FREE GAZA MARCH FOR HUMANITY
It occurred to me that people might be interested in a similar project I explored six years ago.
I proposed a massive march mostly composed of older participants, since I felt we had a particular obligation. I also felt that such a march could be especially effective.
I wrote an essay announcing it, a colleague created a website, and we found numerous groups and individuals willing to co-sponsor it (with one major exception, which I describe at http://alisonweir.org/journal/2009/12/12/some-history-behind-the-gaza-freedom-march.html).
Below is the short piece I wrote for it:
March for Humanity
In September 2003 hundreds of American elders of all ethnicities and backgrounds will march on Israel in a nonviolent quest for human rights, for global peace and stability, and for a reversal of the world’s wild drive into an ever-darkening future.
They will be joined by others from around the world determined to fulfill their obligation to their consciences and to their children, and by an equal number of Israeli citizens seeking an end to their government’s violent oppression of their Palestinian sisters and brothers.
Together, this group of peaceful marchers – who have decided that in the final third of their lives they will, briefly, trade comfort for discomfort, security for inconvenience – will join together to save innocent lives that would otherwise be lost. With their reading glasses and stiff knees, graying hair and sore feet, this peace brigade will march on behalf of justice for Palestinians, peace for the world, and the end of a brutal and brutalizing system for Israelis.
For almost three years the Palestinian people have been pleading for an international presence to decrease the tragically escalating violence. Such an international presence would have saved lives of both Israelis and Palestinians, would have left children walking today who will now be forever crippled, would have left mothers happy who will now forever grieve.
Israel and the United States, however, inexplicably blocked the United Nations from providing such a life-saving body. But then, from around the world, individuals – some old, most very young – began to flow into Palestine to fill this need. They did what the world should have done, but didn’t, and some of them were beaten, imprisoned, maimed, and, finally, killed. Rachel Corrie and Tom Hurndall took the place the world should have filled, and paid with their lives for our negligence.
Now we have decided that it is our turn. No more will we allow our children’s courage to dwarf our own, our children’s vision of a compassionate world to be crushed by the forces of evil that we have feared to oppose.

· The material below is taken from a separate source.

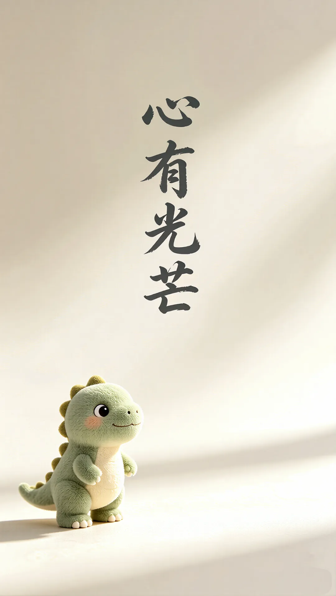 帮我生成一张9:16竖版高清图片,8K超高清,细节拉满,壁纸质感,光影柔和,颜色清爽柔和不刺眼,无水印、无杂乱背景,画面干净通透,镜头参数:f/1.8,ISO 100,快门1/125s,焦距50mm;软萌高级风,米灰色柔色底色,左下角放置卡通小恐龙(短腿圆身,乖巧站姿,眼睛圆溜溜),毛笔字“心有光芒”居中偏上,文字颜色选用深灰色(与米灰色底色对比清晰,醒目易读),比例协调(卡通形象占画面1/4,文字占1/5),极简线条点缀,清爽高级,萌系又有力量感
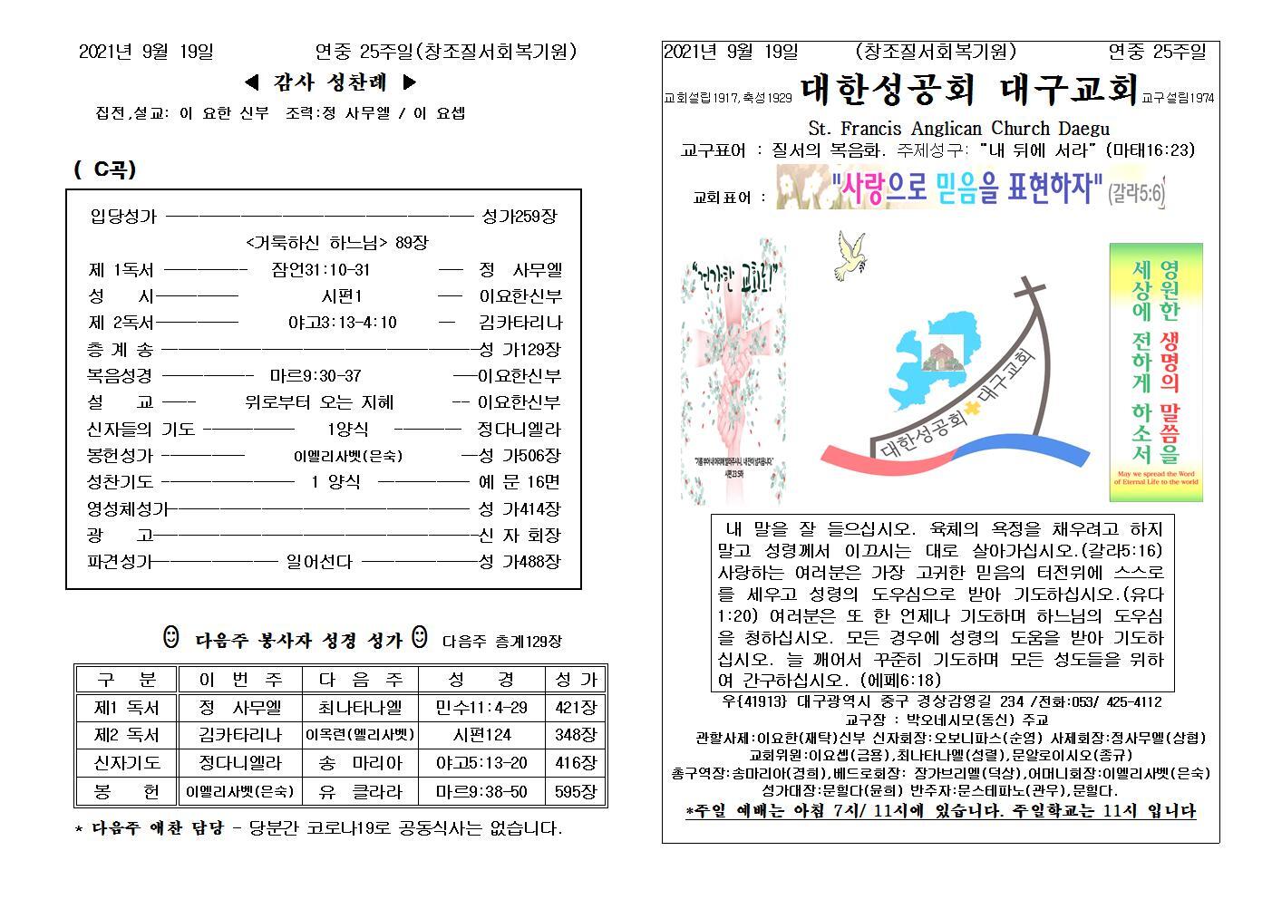 대구교회주보 2021년 9월 19일 연중 25주일 작성자삼위일체|작성시간21.09.17|조회수81 목록 댓글 0 글자크기 작게가 글자크기 크게가 다음검색 현재 게시글 추가 기능 열기 북마크 공유하기 신고 센터로 신고 댓글 댓글 0 댓글쓰기 답글쓰기 댓글 리스트

It is our time to step forward, and we will not be crushed.
Let the Israeli military – blithe destroyer of small bodies, breaker of young bones, crusher of sweet spirits – face a battalion of seasoned senior soldiers, veterans of life, survivors of youth.
Let the Israeli military – who so courageously crushed young Rachel, who with such bravery shot 21-year-old Tom in the back of the head, who with such skill daily train their American-supplied sniper scopes on ragged, rock-throwing children — let this valiant vanguard of violence now face a thousand nonviolent marching mothers, fathers, grandmothers and aunts, as the world’s cameras roll and history’s note-takers look on, ready to transcribe Ariel Sharon’s attempt to stop the unstoppable.
Let the world – and particularly the American public – finally awake to our responsibility, and to our power. Let us bring an end to this carnage. It is long past time, and no one else will do it.
Please join us.
“Nobody made a greater mistake than he who did nothing because he could only do a little.”